The President is legally entitled to fire the director of the FBI. As James Comey said in his resignation letter today, “I have long believed that a President can fire an FBI Director for any reason, or for no reason at all.” And in contrast to his power over executive branch employees protected by civil service rules, the President can do so without having good cause and without providing the director with any procedural protections. But one of the things we try to instill in our students is an understanding that not everything that is legal in this narrow sense is defensible. The reasons that President Trump gave are patently insincere, even by Trumpian standards, and taken in combination with the timing and the ongoing FBI investigation into interference in the election, the firing is more than “cloudy.” If the firing is intended to obstruct a legitimate criminal investigation, it starts to veer into impeachment territory.

Is the Attorney General’s office the only route to an independent investigation?
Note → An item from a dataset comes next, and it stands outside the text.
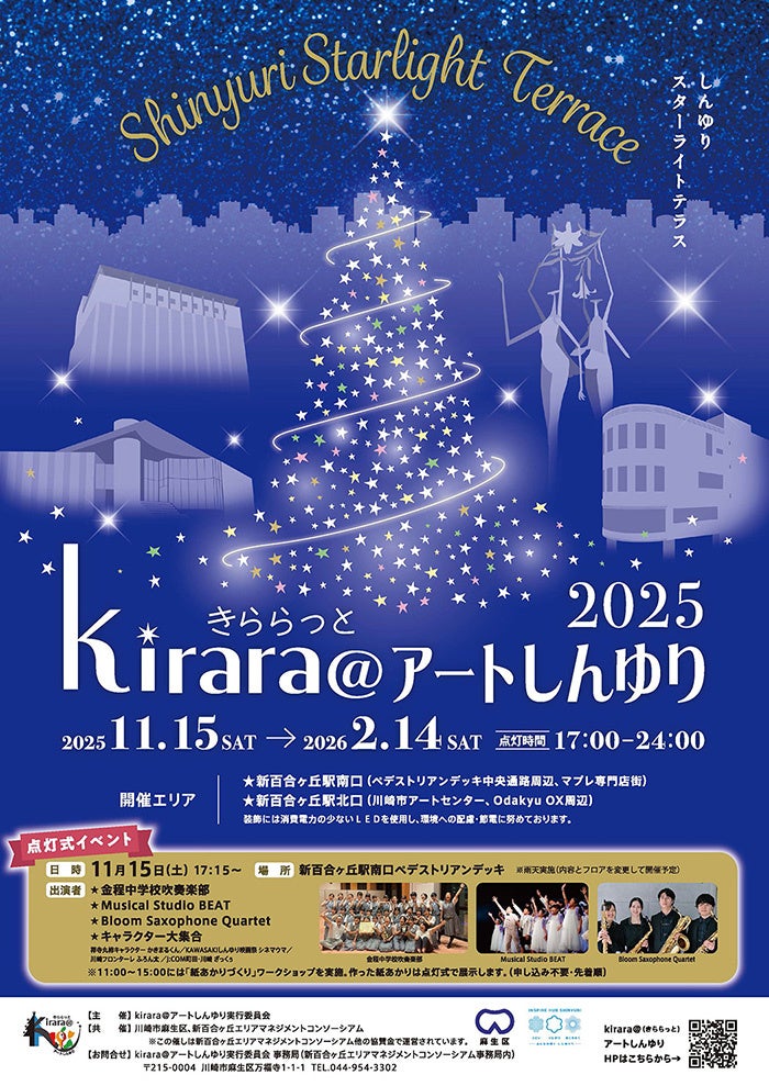 イルミネーションイベント「kirara@アートしんゆり2025」小田急線新百合ヶ丘駅の冬の風物詩・11月15日(土)はステージ&パフォーマンスショーによるクリスマス点灯イベント開催!

Is there legal recourse if the Republican controlled government decides not to ask for one?

The Attorney General certainly has the authority, under 28 C.F.R. Part 600, to appoint a Special Counsel and give that person “independent authority” to conduct a criminal investigation. There is no straightforward legal recourse, however, if the Attorney General (or his designee, if he is recused, as Attorney General Sessions would seem to be) refuses to do so. The remedy for a failure would be for the public to put enough pressure on the members of Congress to persuade them to hold hearings, conduct an investigation, or impeach the Attorney General if he refuses to insure an independent investigation. (The Secretary of War was impeached in 1876 for what the U.S. Senate’s historians have called “a pattern of corruption blatant even by the standards of the scandal-tarnished Grant administration.”) And if that can’t be accomplished with the current Congress, the public will have to first elect a new Congress more concerned with these issues.

Some are calling this a Constitutional crisis. Do you agree? If yes, why?

There isn’t a consensus definition of “constitutional crisis.” It is a feature, not a bug, of our Constitution (with a capital “c,” by which I mean the actual document) that we have a unitary executive branch, which means that the President and his (or her) Attorney General have control over federal prosecutions. (In California, as in many other states, the Attorney General is elected separately from the Governor, so there is always the potential for an independent investigation.) It is actually an unanticipated feature of our constitution (with a small “c,” by which I mean our political and governmental structure) that we have national political parties. When the same party controls the presidency and both branches of Congress, many of the checks that the framers thought were baked into our system don’t necessarily work. If the President actually shuts down a meaningful investigation into whether he or members of his campaign colluded with a foreign government, or if a presidential candidate can get elected in part as a result of foreign interference in our election process, those would be constitutional crises under virtually any definition of the term. And even more so, those would signify a constitutional crisis if either Congress or the American people sit idly by.

Pamela S. Karlan is the Kenneth and Harle Montgomery Professor of Public Interest Law and Co-Director of the Supreme Court Litigation Clinic at Stanford Law School. One of the nation’s leading experts on voting and the political process, she has served as a commissioner on the California Fair Political Practices Commission, an assistant counsel and cooperating attorney for the NAACP Legal Defense Fund, and a Deputy Assistant Attorney General in the Civil Rights Division of the U.S. Department of Justice (where she received the Attorney General’s Award for Exceptional Service – the department’s highest award for employee performance – as part of the team responsible for implementing the Supreme Court’s decision in United States v. Windsor).